Records for processing:
★ ★ ★

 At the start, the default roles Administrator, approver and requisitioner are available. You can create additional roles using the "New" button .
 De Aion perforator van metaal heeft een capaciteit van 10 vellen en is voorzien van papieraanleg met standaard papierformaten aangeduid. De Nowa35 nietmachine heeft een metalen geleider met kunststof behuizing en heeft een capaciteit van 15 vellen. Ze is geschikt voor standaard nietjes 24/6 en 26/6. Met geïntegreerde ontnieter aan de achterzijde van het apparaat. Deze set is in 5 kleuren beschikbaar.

★ ★ ★

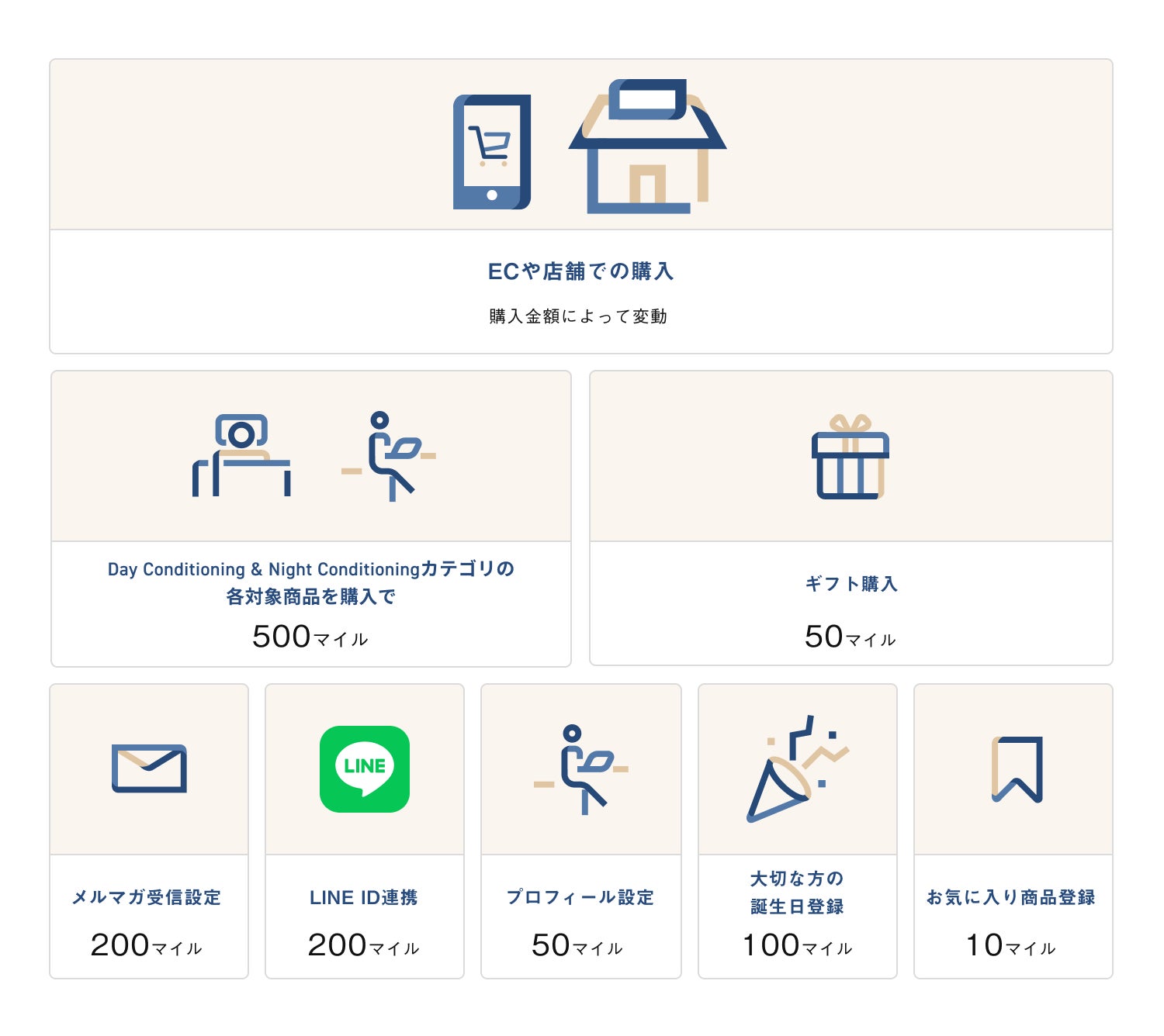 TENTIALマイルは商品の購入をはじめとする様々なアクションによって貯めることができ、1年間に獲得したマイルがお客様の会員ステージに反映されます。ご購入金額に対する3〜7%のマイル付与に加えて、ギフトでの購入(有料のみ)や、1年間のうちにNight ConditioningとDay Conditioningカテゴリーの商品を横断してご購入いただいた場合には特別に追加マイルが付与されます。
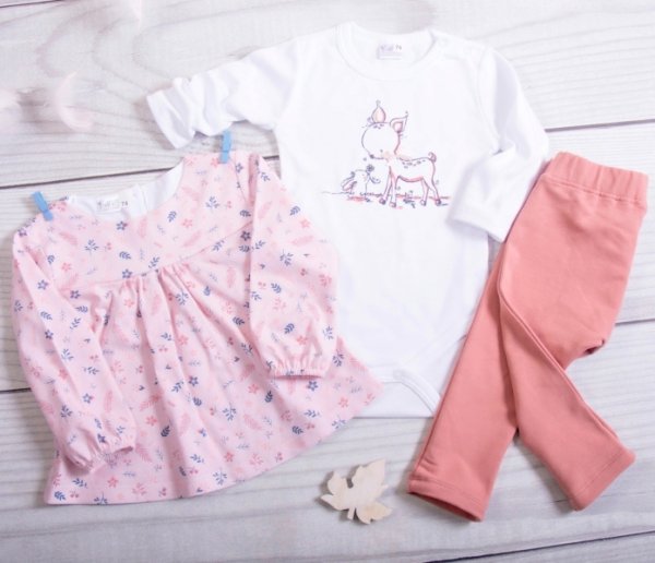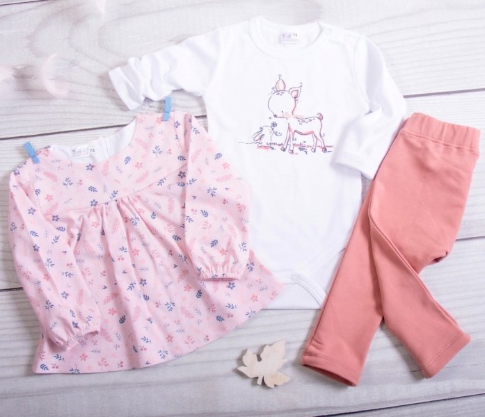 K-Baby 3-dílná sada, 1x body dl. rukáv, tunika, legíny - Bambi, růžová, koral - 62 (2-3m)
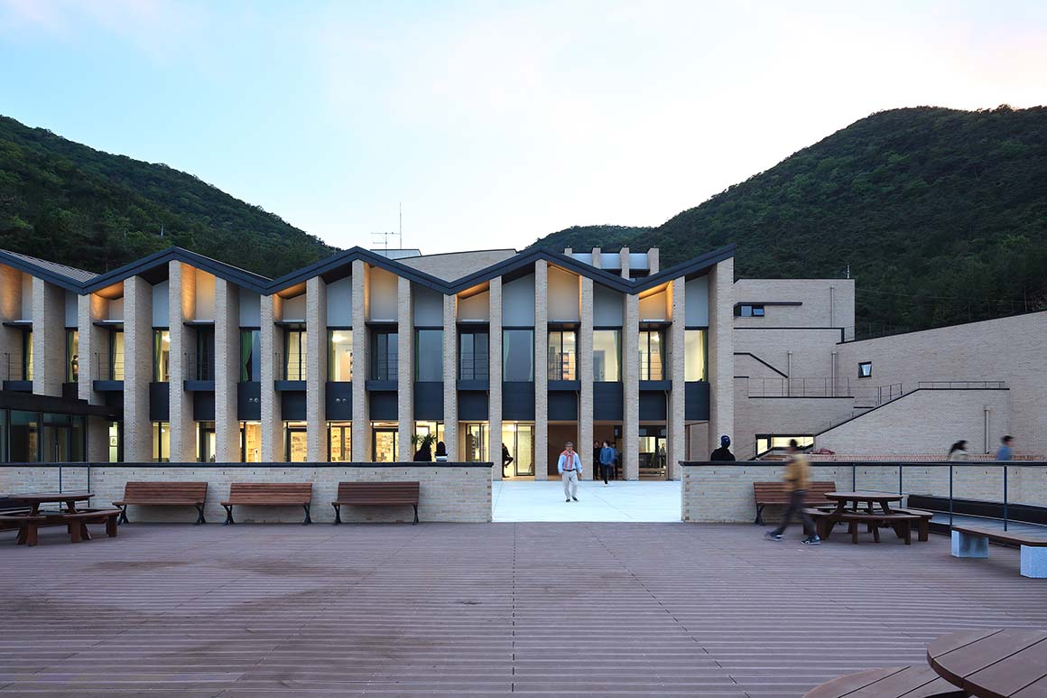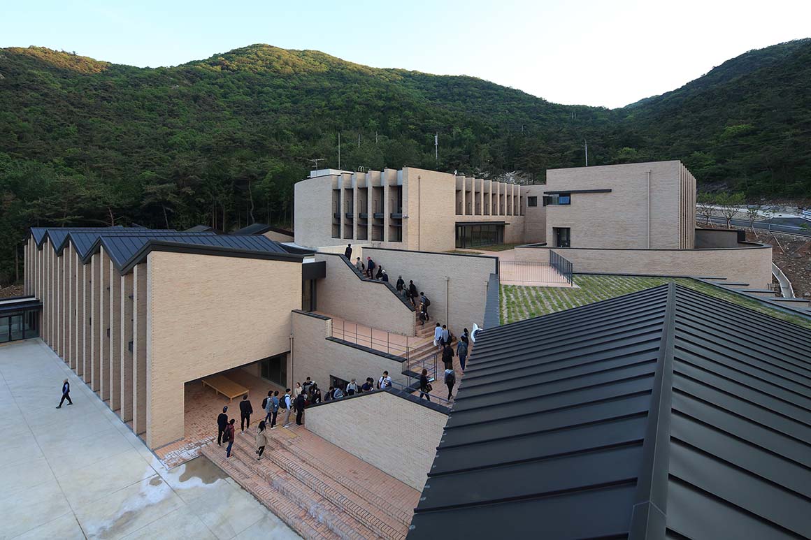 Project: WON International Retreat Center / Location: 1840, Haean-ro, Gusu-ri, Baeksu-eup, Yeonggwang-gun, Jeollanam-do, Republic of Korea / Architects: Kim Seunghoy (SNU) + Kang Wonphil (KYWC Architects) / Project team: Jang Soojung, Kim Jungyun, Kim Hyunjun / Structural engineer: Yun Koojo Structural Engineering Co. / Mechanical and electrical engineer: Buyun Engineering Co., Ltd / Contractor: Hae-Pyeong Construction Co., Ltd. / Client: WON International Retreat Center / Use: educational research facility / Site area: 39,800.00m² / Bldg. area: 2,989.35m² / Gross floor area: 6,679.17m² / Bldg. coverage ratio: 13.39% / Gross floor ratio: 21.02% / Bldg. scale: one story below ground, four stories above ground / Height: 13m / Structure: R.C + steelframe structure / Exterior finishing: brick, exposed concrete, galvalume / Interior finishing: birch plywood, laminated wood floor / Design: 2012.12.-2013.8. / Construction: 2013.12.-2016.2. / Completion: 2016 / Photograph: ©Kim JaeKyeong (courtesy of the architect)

★ ★ ★

What the exercise asks:
Copy out precisely the lines from the line with "At the start, the" to the line with "De Aion perforator" in the material above, including those two lines and omitting all the rest.

Output of the task:
 At the start, the default roles Administrator, approver and requisitioner are available. You can create additional roles using the "New" button .
 De Aion perforator van metaal heeft een capaciteit van 10 vellen en is voorzien van papieraanleg met standaard papierformaten aangeduid. De Nowa35 nietmachine heeft een metalen geleider met kunststof behuizing en heeft een capaciteit van 15 vellen. Ze is geschikt voor standaard nietjes 24/6 en 26/6. Met geïntegreerde ontnieter aan de achterzijde van het apparaat. Deze set is in 5 kleuren beschikbaar.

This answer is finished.